Recently, Marissa (the best-girl-on-earth) told us about a new shopping site for groceries, cosmetics, household products, makeup, baby clothes, and other items. All of their products are healthy and good-for-you. Thrive Market. Where else can you find ghee, kale crisp, and raw pecan butter, along with eye shadow and fermentation kits in the same place? (Except maybe Amazon, but this is better!)
At the time, the website was running a promotion: spend a lot of money, save a lot of money. And we did! I bought things I wouldn’t ordinarily buy (pine nuts are always so expensive!) and Marissa ended up buying lots of baby clothes and toiletries that she’s going to donate to a local women’s shelter.

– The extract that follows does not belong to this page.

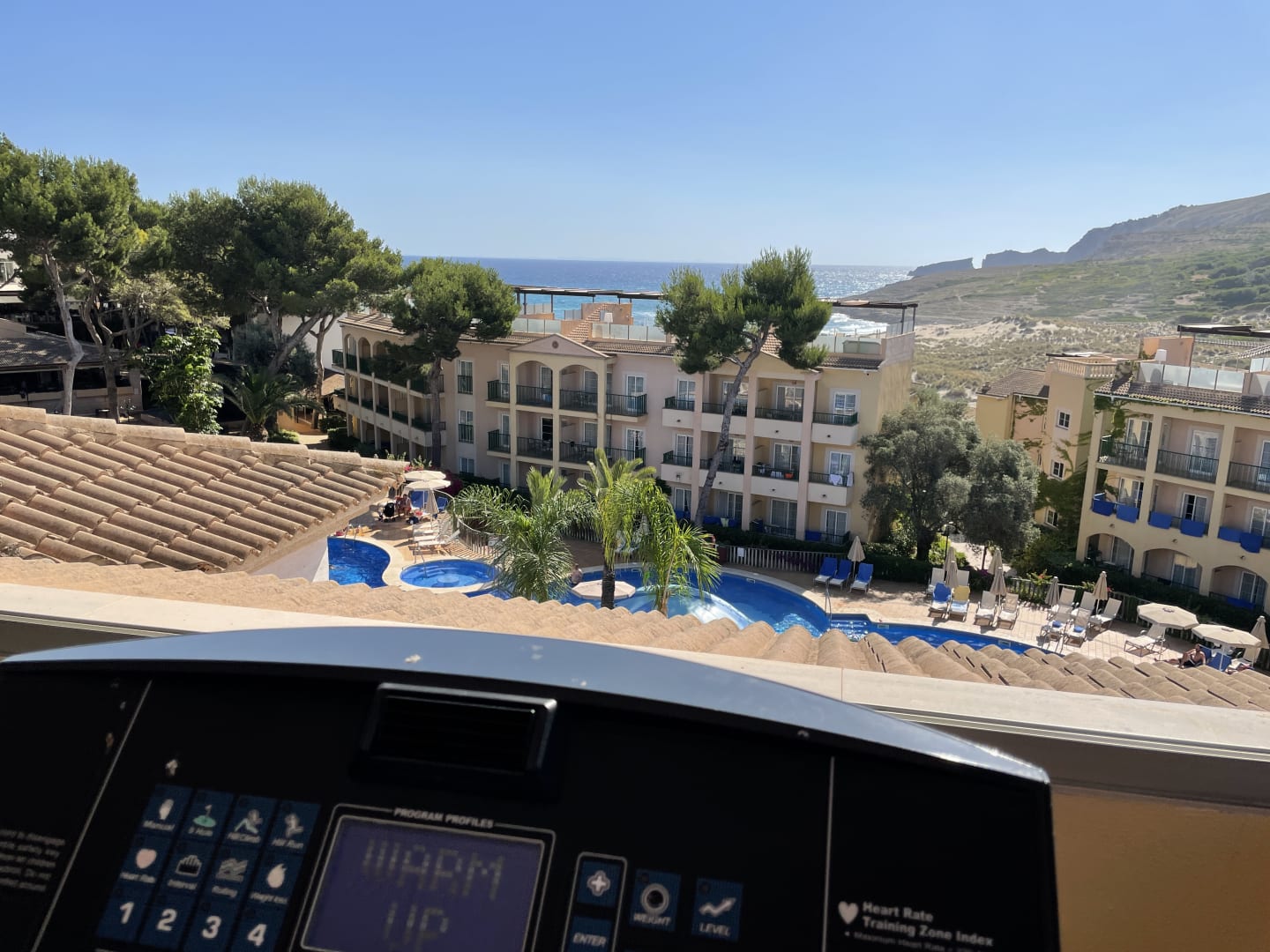 Ausblick vom Fitnessraum, mehrere Laufbänder, Crosstrainer, Hantel Bank, Matten, alles da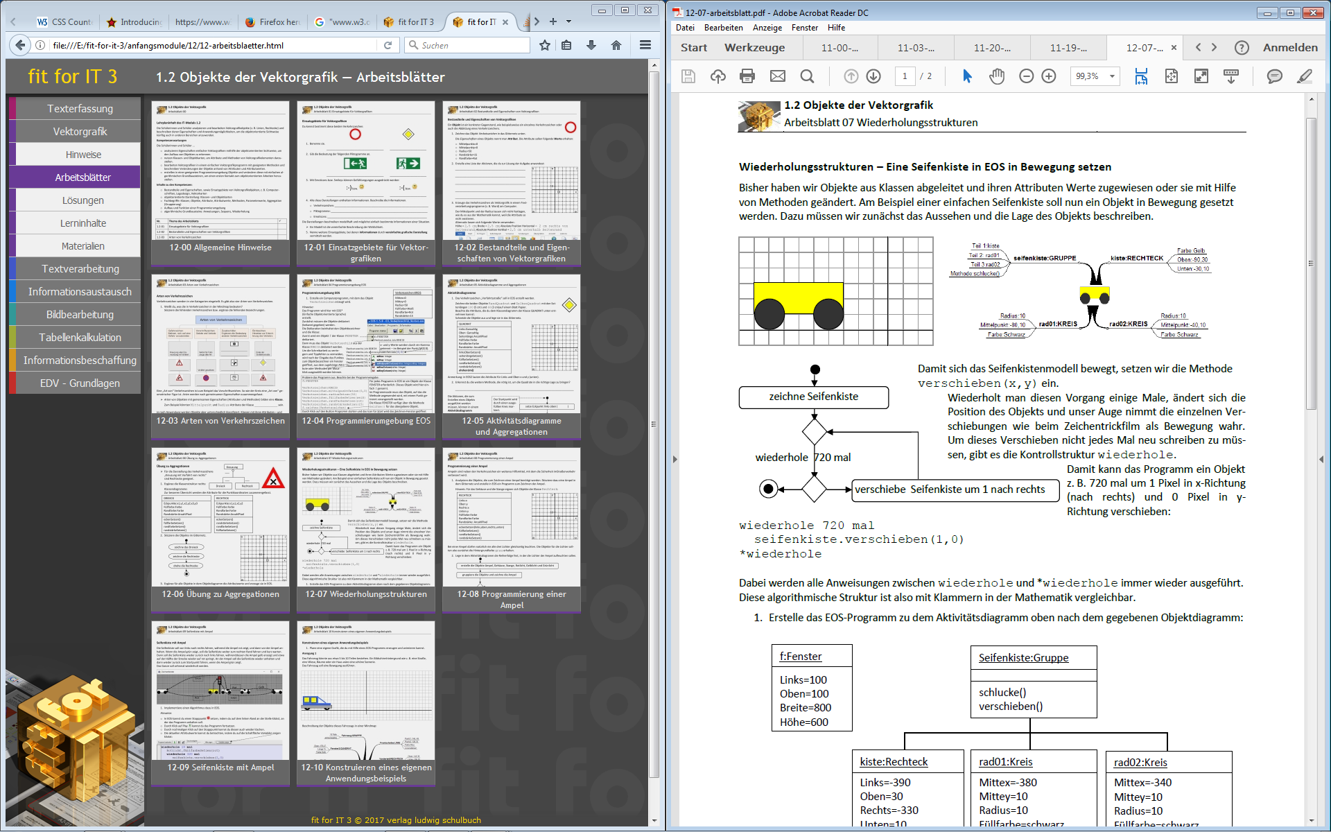 Über die Tastenkombination + wird die Arbeitsfläche geteilt: links die fit for IT 3 -Oberfläche, rechts der Acrobat-Reader mit dem aktuellen Arbeitsblatt – ideal für die Vorbereitung des Unterrichts oder für die Arbeit der Schüler mit den Arbeitsblätter-Formularen.

Now, I’d like to introduce you to Thrive Market. It’s like Amazon, but healthier! Click on this link Thrive Market and save 25% on your first order and get free shipping. Plus, you get a 30-day free trial membership to try other products. Please feel free to share this link with friends too for more savings. If you refer a friend, you can save $25 on your next order.
A group of us recently chatted about grocery shopping in general. Many members of the group don’t even go to the store any more. They have everything they need delivered to their doorstep. This makes perfect sense, of course, when you live on the second floor and you’re having dog food delivered. Or a case of toilet paper. But I still enjoy going grocery shopping. Maybe it’s because I love using coupons.
I enjoy cutting out coupons from the Sunday paper. And once in a while, a coupon insert is thrown onto my driveway along with other local advertising. I keep promising myself I’m going to set aside the dollars I saved (shown at the bottom of my receipt) and put it in a piggy bank. Maybe pay for my next vacation? But no, instead, I’ll just settle for reducing the grand total of my shopping order. Now if only someone would put the groceries in my car, unload them from the car, and put everything away. That would be a red-letter day.